床边标准

医学并不总是基于科学的。一个世纪前,我们的猜测远多于已知的事实。发生变化的并不是完美性,而是自律性。在过去的几十年里——尤其是过去的五十年里——这个行业被迫不断进化。随机试验取代了主观经验;当证据不足时,旧的实践方法就被摒弃了。关于发病率和死亡率的讨论方式也发生了改变,这种改变意义重大。

在我职业生涯初期,我全神贯注于倾听患者的故事,以及我们团队为患者制定的治疗方案——无论是为了恢复健康、提供安慰,还是两者兼而有之。我无需时刻担心他人的评价。我运用了当时最先进的科学知识,并遵循在临床实践中所学到的伦理准则。那是一段美好的时光。

这种期望——即我必须为自己的建议提供依据,平衡利益与风险,并在证据发生变化时及时调整策略——并非源自高层管理者的决策,而是源于实习经历、同行间的监督以及对患者的责任感。

这并非怀旧,而是对过去的回忆。

测量方法的扩展

现代的质量改进措施取得了显著成效,例如减少了中心静脉导管相关血流感染的发生率[1],以及提高了急性心肌梗死患者的救治效率[2

行政开支占美国医疗保健支出的大约25%–30%[3]。全国医疗支出接近国内生产总值的五分之一[4]。尽管如此,美国的预期寿命和孕产妇死亡率仍落后于其他国家。

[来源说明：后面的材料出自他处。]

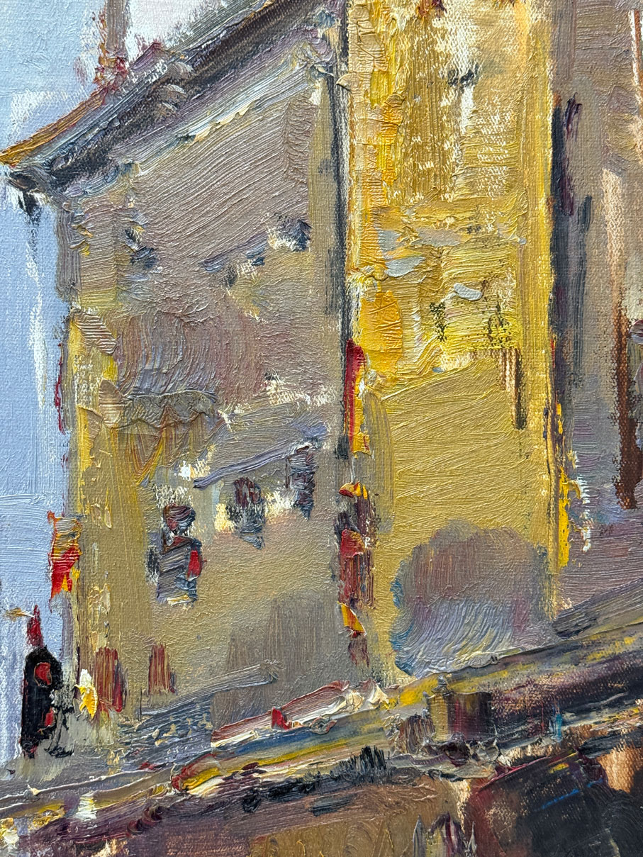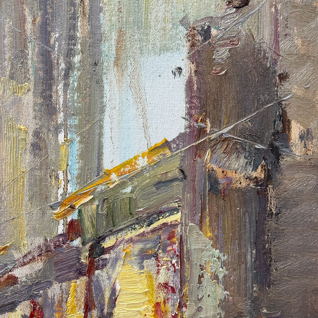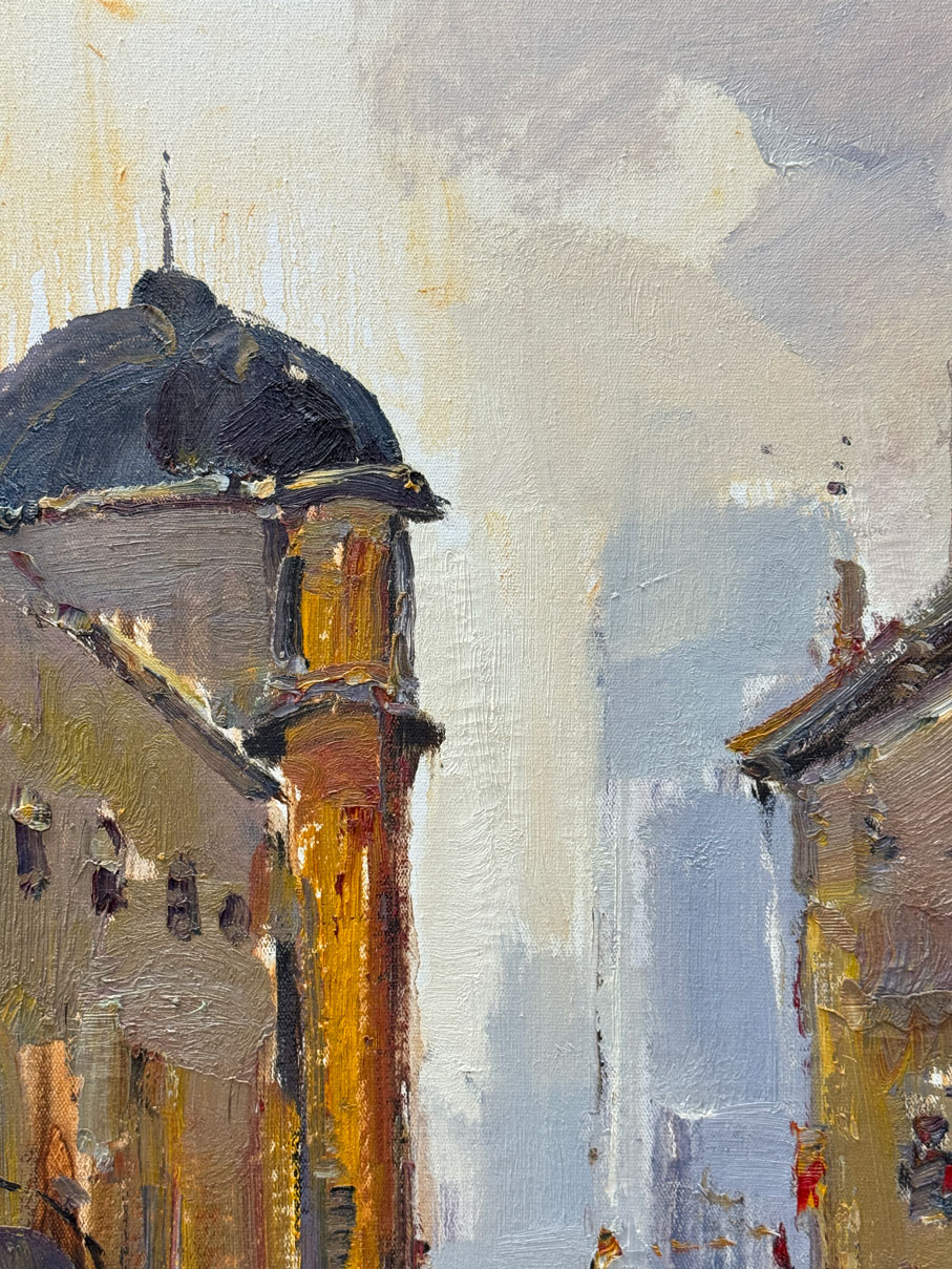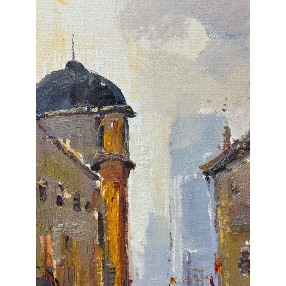有層次堆疊的塗法,將灰色調的街與暖色調的光線結合成有質感的歐式街景。
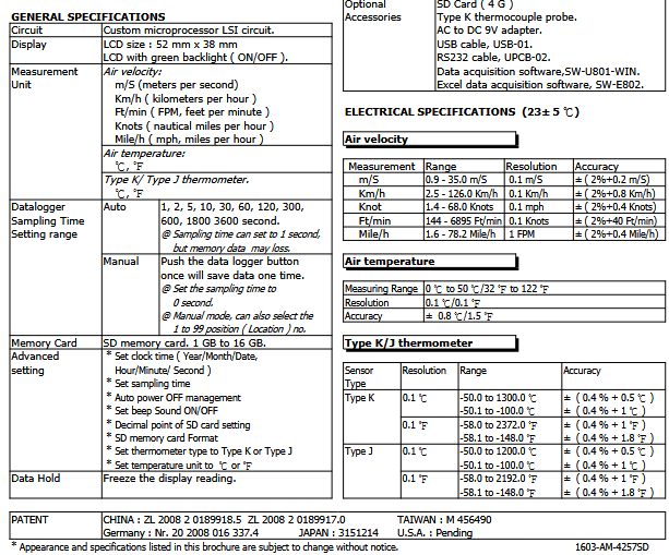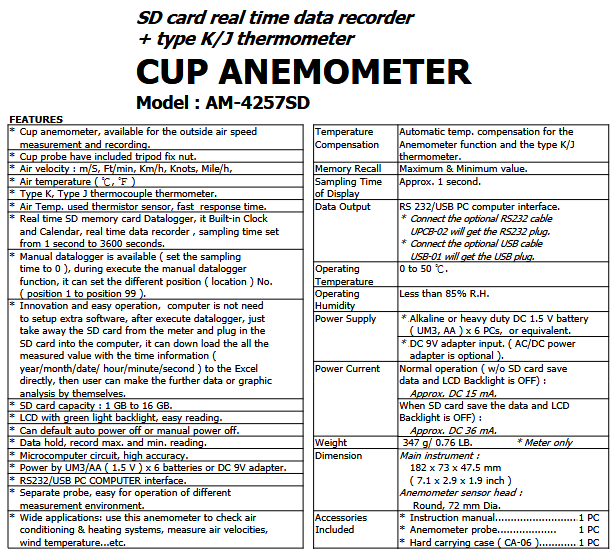 The LUTRON AM-4257SD is an anemometer with cup external probe, that can measure gas flow rate in range 0,9 - 35,0 m/s and temperature in range 0 - 50°C or -50 - 1300 °C by K-type thermocouple. This device is capable of storing measurements onto SD card and can communicate via RS232 or USB.
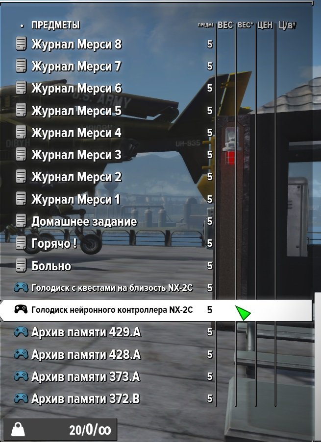 Сверху различные счетчики инвентаря (крышки, вес, адреналиновые инжекторы, ремонтные наборы и многое другое) и игровое время
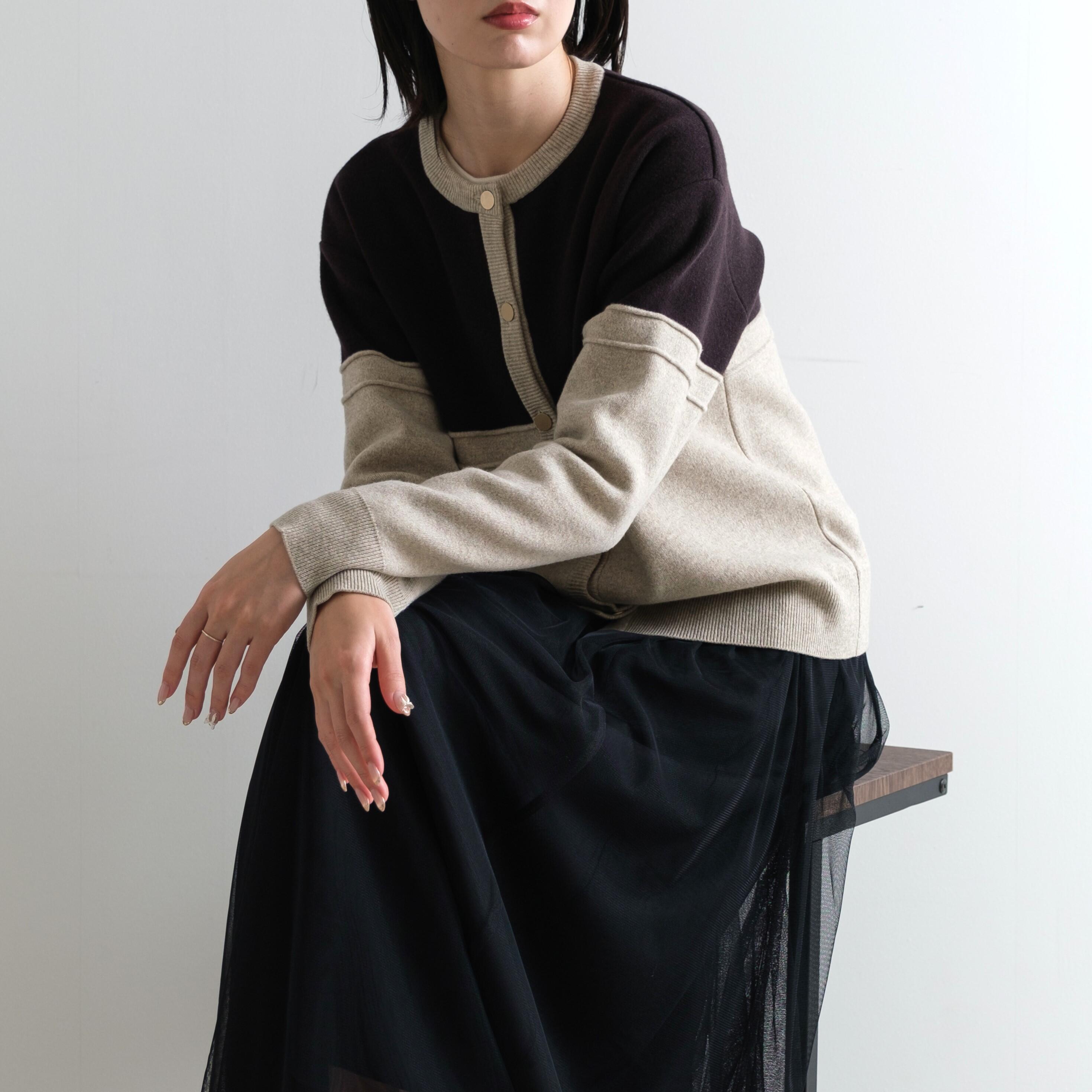 遊び心とインパクトのある配色で1枚着でも存在感がでます。ピンタックライン・目面・軽さに至るまで、ニットメーカーと試行錯誤を重ね、細部まで丁寧に仕上げました。
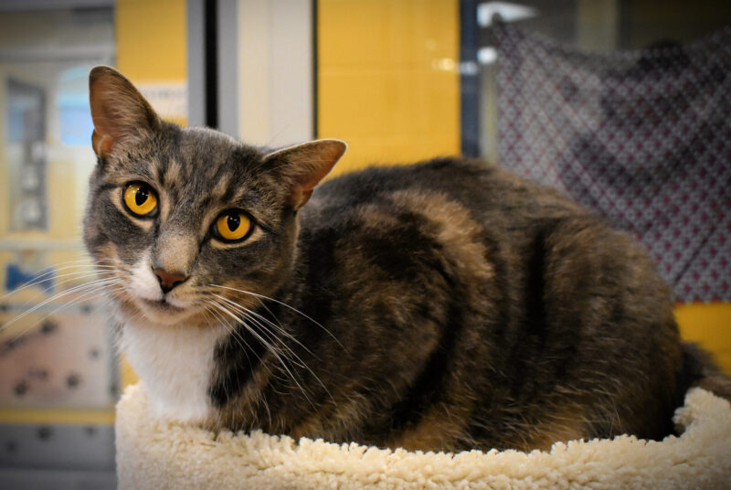 Butters will cozy up in his bed or box and do as cats do, the minute he knows you want to pet him…he is ready! Butters is an incredibly affectionate cat who seeks as much attention and love as you can give. He has beautiful golden eyes and a golden personality. This adorable and lovable 4-year-old male cat is ready for his new home, his new place to sun himself by a window, and his new person to smother with love. Click the button below for more information on adopting Buttons.
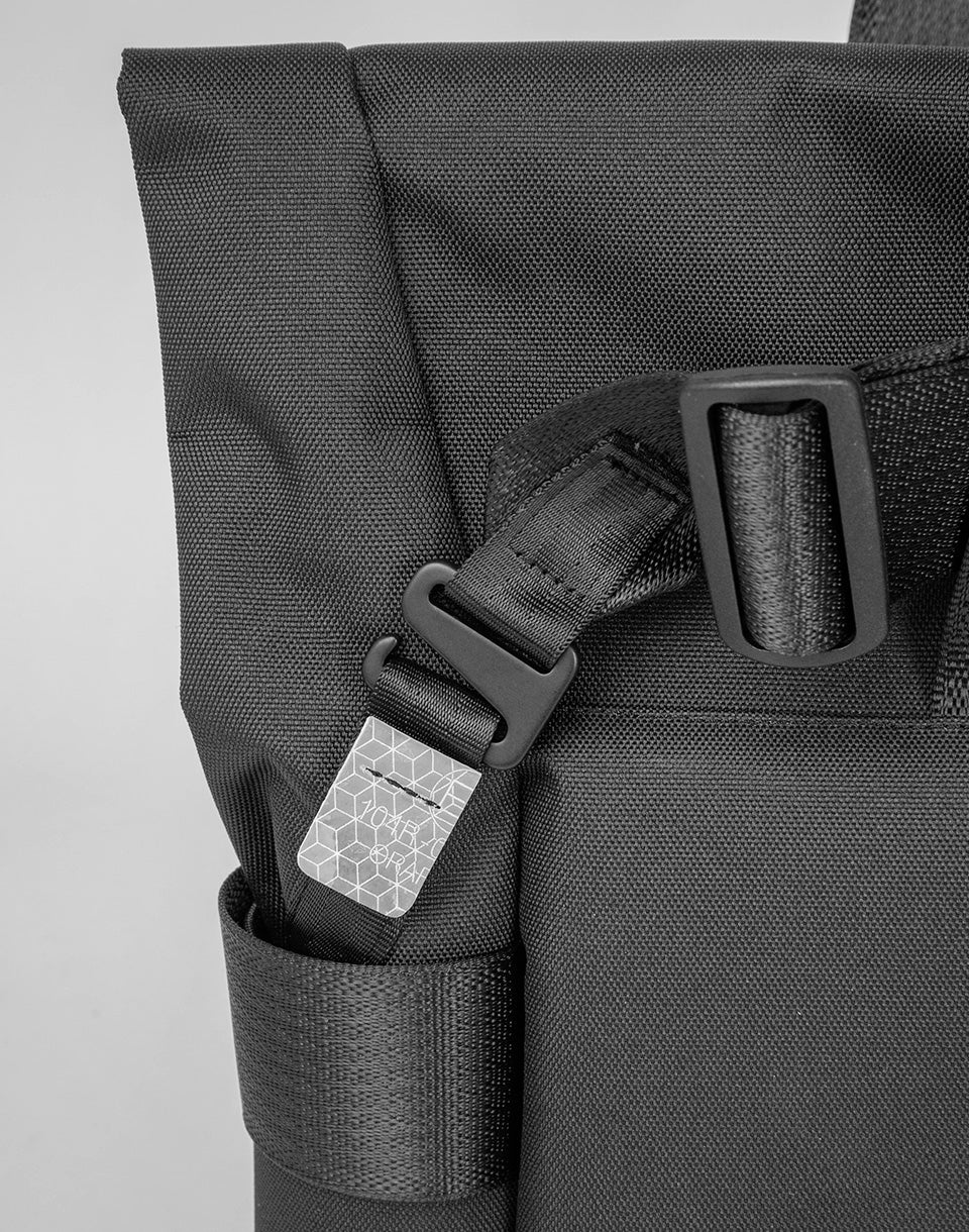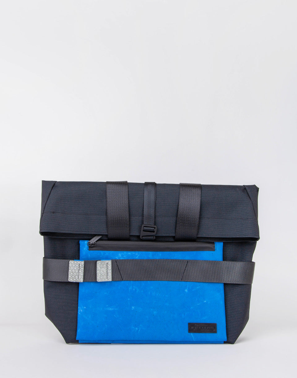 Freitag F680 Anderson - Sac extensible avec bandoulière réglable qui peut être transportée dans la main sous forme de sac fourre-tout. Il est fabriqué à partir de bouteilles d'animaux recyclées et avec des parties de voiles de camion à la retraite, y compris des marques réfléchissantes recyclées.

报告要求通常来自联邦政府项目、商业保险公司、认证机构以及内部医疗系统。这些要求各自都有其合理性,但总体上它们营造了一种严格的合规环境,而这种环境的累积成本却很少被评估。

预防欺诈和确保财政问责制至关重要。但问责机制本身也必须受到监督。

指标膨胀与道德迷失

临床医生在推广新的医疗实践之前,通常需要先证明其有效性;而测量系统在扩大应用范围之前,往往并不需要达到相应的证据标准。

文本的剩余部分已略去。